Una vez dentro del aseo, trató de acompasar la respiración para controlar los latidos del corazón, que parecía que iba a estallarle de un momento a otro. Estaba agitado por la sensación de ahogo que le producía aquel habitáculo minúsculo y porque sabía que estaba prohibido acceder al furgón de equipajes. Sin embargo, la intuición le gritaba a voces que ese vagón tenía algo que ver con la desaparición de Rosa. Quizá se hubiese metido allí por equivocación y estaba encerrada o quizá simplemente se hubiese desvanecido, pero no descansaría hasta comprobarlo. Cerró los ojos y se concentró en aquella idea hasta que estuvo más calmado. Entonces consultó el reloj. Ya habían transcurrido un par de minutos, tiempo suficiente para que el psiquiatra se hubiese cansado de aguardar a que saliera, pensó.

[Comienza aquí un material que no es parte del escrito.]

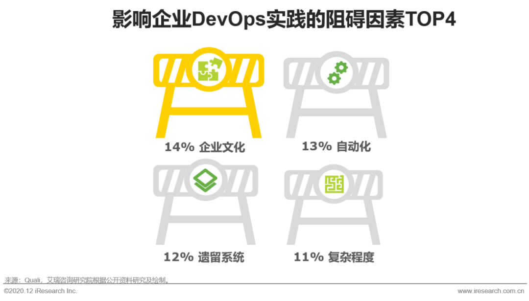 相较于单纯的IT信息化工具,DevOps本身即是一种协同、合作的企业文化,为了落实DevOps实践,企业在采用DevOps相关的开发运维工具的基础上,还要实现文化方面的理念认同。在工作结构方面,IT工程需要在架构和流程上都实现解耦;在协同方法方面,IT团队需要构筑紧密协作、责任共担的合作氛围;在管理思想层面,IT管理层需要落实对部门工作颗粒化、可视化、可量化的考核。美国DevOps平台企业Quali的实践研究表明,在尝试DevOps方法的企业和人员中,认为企业文化缺陷阻碍DevOps发展水平的占最大比重,显示文化因素对企业提高开发运维一体化水平的重要性。

Tras respirar hondo, entreabrió la puerta un poco para comprobar que la plataforma estuviese desierta. Después asomó un poco la cabeza y miró hacia el pasillo donde se había quedado el psiquiatra. Tal como había supuesto, se había hartado de esperar y estaba de vuelta en su asiento. Aunque la puerta corredera del coche estuviese cerrada, procuró por todos los medios no hacer ningún ruido. Tras entornar la puerta del aseo, introdujo la llave maestra en la cerradura, volvió a comprobar que nadie lo vigilase, cerró con sigilo y la bloqueó.

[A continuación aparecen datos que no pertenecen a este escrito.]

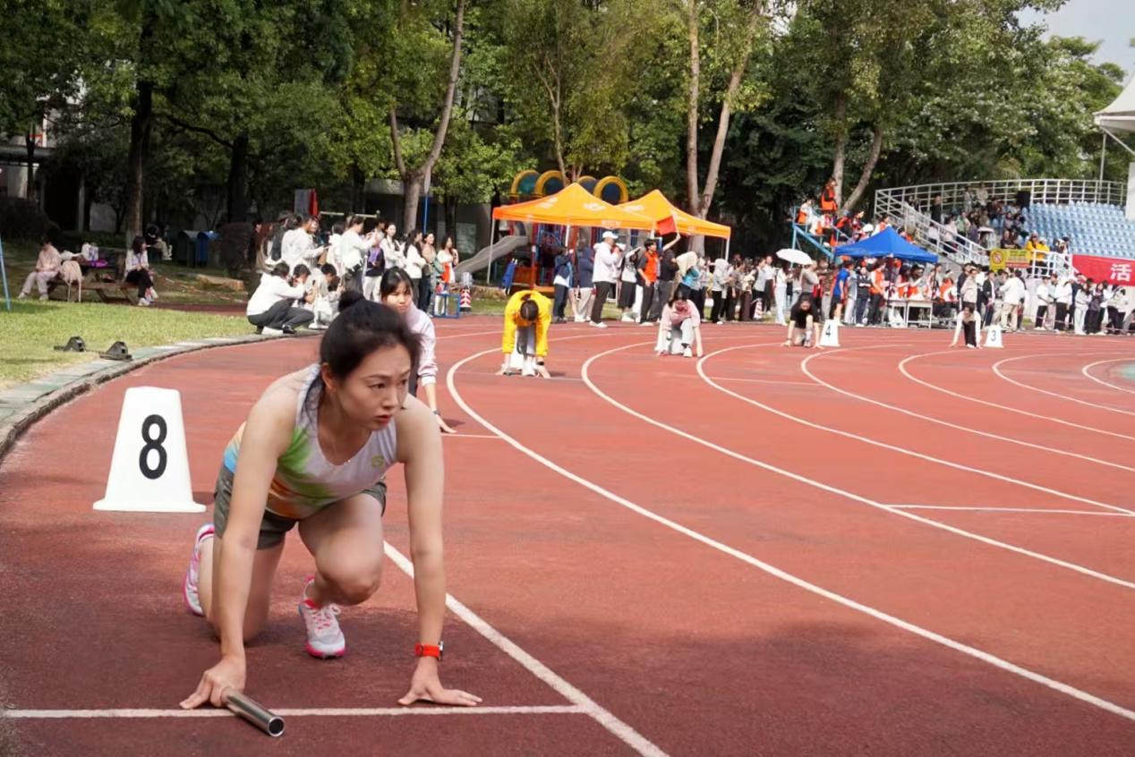 当发令枪的硝烟取代了粉笔的尘埃,当塑胶跑道替代了三尺讲台。11月14日上午,一年一度的校运会迎来了它最具反差魅力的高潮——教工组混合接力4*100比赛。这不仅是速度的角逐,更是一场属于全体师生的、充满温情与趣味的欢乐盛宴。 平日里温文尔雅的老师们,此刻在起跑线前凝神屏息、反复调整起跑姿势,这种角色转换的新奇感瞬间点燃全场热情。

Si el psiquiatra iba a buscarle, vería que el indicador de color rojo marcaba ocupado y creería que seguía allí. Lo normal sería que aguardase un rato a que Pedro terminase en el aseo. Y no supondría ningún problema que se impacientase al ver que no salía ni contestaba a sus llamadas. Al contrario, eso le vendría a Pedro como anillo al dedo porque el psiquiatra tendría que ir a buscar al revisor. Este buscaría la llave maestra, no la encontraría y tendría que hacerse con una de recambio, lo cual le permitiría ganar unos minutos preciosos. Y para cuando el revisor la encontrase —si es que la encontraba— y abriese el aseo, él ya estaría de vuelta con Rosa y les demostraría que tenía razón.
El plan le parecía tan sencillo y perfecto que experimentó una euforia y unas ganas de reír incontenibles. Ya no se sentía como un pobre anciano jubilado e inútil que mata el tiempo con lo que buenamente puede, sino igual que si él mismo fuese el protagonista de una gran aventura, como las que leía en sus muchas horas libres, listo para enfrentarse a cualquier eventualidad.